Exercise prompt:
Taking the line with "ELECTRIC PEAK — 11,155 FEET ALTITUDE" as the first and the line with "Fan, filter and waste bag" as the last, set down exactly every line in that range from the entries below, and no more.

Data listing START

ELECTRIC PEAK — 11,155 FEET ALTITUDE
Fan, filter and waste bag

Data listing END
Data listing START

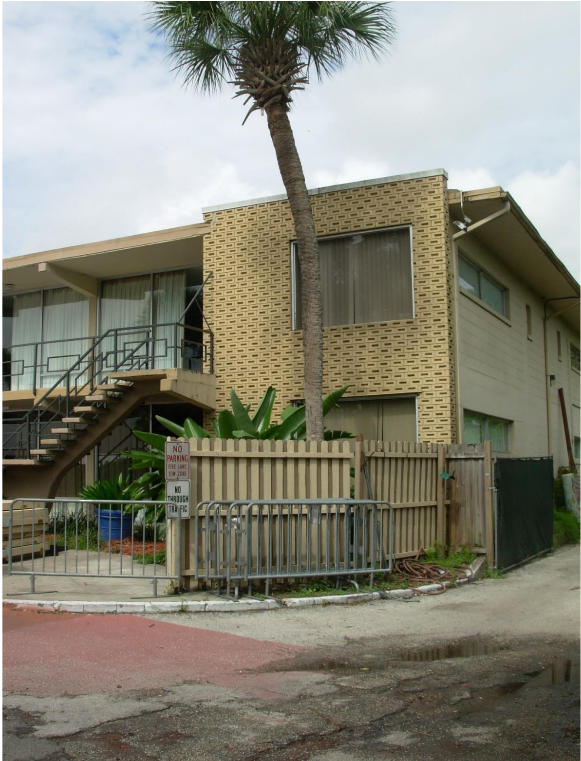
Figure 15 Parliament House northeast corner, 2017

Data listing END

Answer space:
ELECTRIC PEAK — 11,155 FEET ALTITUDE
Fan, filter and waste bag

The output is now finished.